Print every line below exactly as written, but leave the pictures behind.

• GIVEN DATA
┏━━

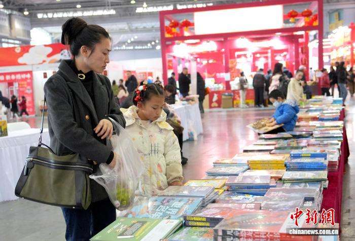 市民在新春年货购物节上的图书展区选购图书。中新网
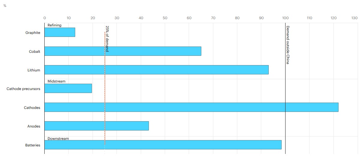 Eine neue Analyse zeigt, dass die globale Nachfrage auch ohne den größten Exporteur für saubere Energietechnologien grundsätzlich gedeckt werden könnte, jedoch weiterhin Engpässe entlang der Lieferketten bestehen. In allen zentralen Wertschöpfungsketten gibt es mindestens einen kritische „Schwachstelle" bei der weniger als ein Viertel der Nachfrage außerhalb Chinas durch Angebot außerhalb Chinas gedeckt werden könnte.
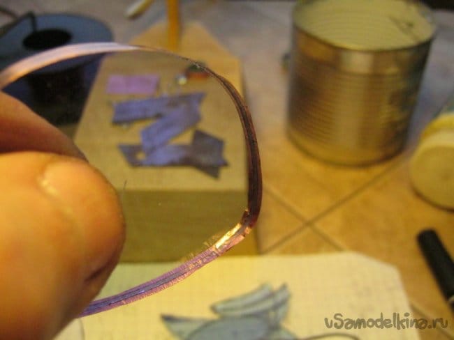 Лента вырезана слесарными ножницами по металлу, примерена, уточнена ее длина, обрезано лишнее. Заготовка зачищена мелкой шлифовальной шкуркой и плотно намотана на стеклянную заготовку. Зафиксирована снаружи тонкой медной проволокой.
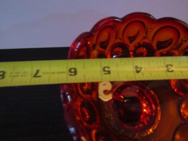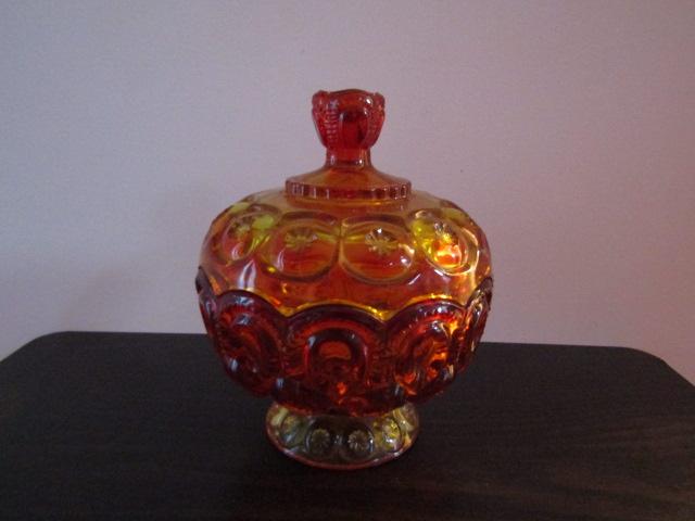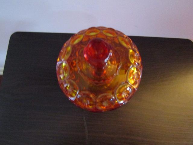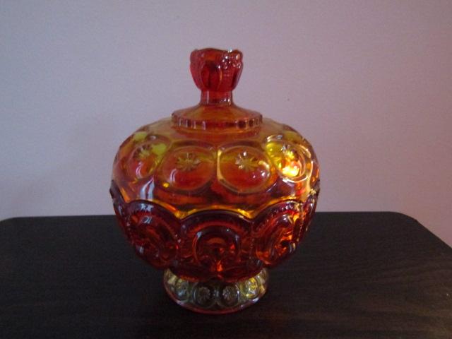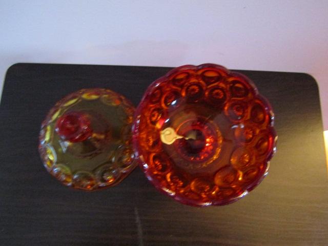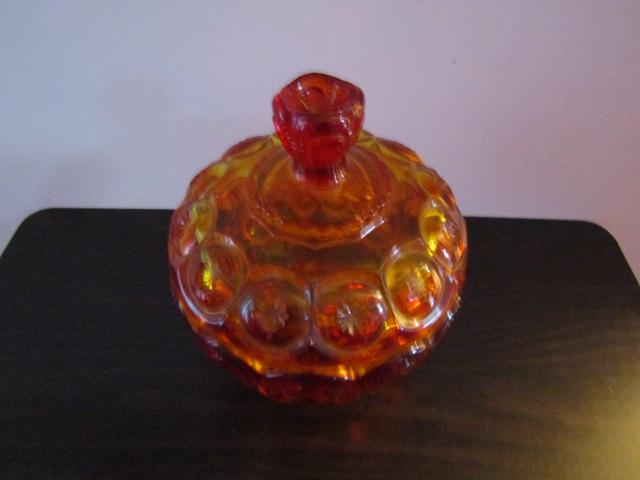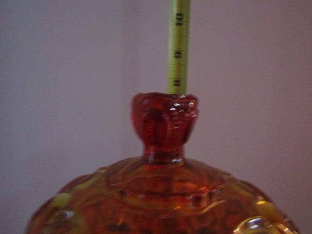 Amberina Footed Candy Dish with Lid. Measures 7 1/2" high and 6 1/4" in diameter.

┗━━

• OUTPUT OF THE EXERCISE
 市民在新春年货购物节上的图书展区选购图书。中新网
 Eine neue Analyse zeigt, dass die globale Nachfrage auch ohne den größten Exporteur für saubere Energietechnologien grundsätzlich gedeckt werden könnte, jedoch weiterhin Engpässe entlang der Lieferketten bestehen. In allen zentralen Wertschöpfungsketten gibt es mindestens einen kritische „Schwachstelle" bei der weniger als ein Viertel der Nachfrage außerhalb Chinas durch Angebot außerhalb Chinas gedeckt werden könnte.
 Лента вырезана слесарными ножницами по металлу, примерена, уточнена ее длина, обрезано лишнее. Заготовка зачищена мелкой шлифовальной шкуркой и плотно намотана на стеклянную заготовку. Зафиксирована снаружи тонкой медной проволокой.
 Amberina Footed Candy Dish with Lid. Measures 7 1/2" high and 6 1/4" in diameter.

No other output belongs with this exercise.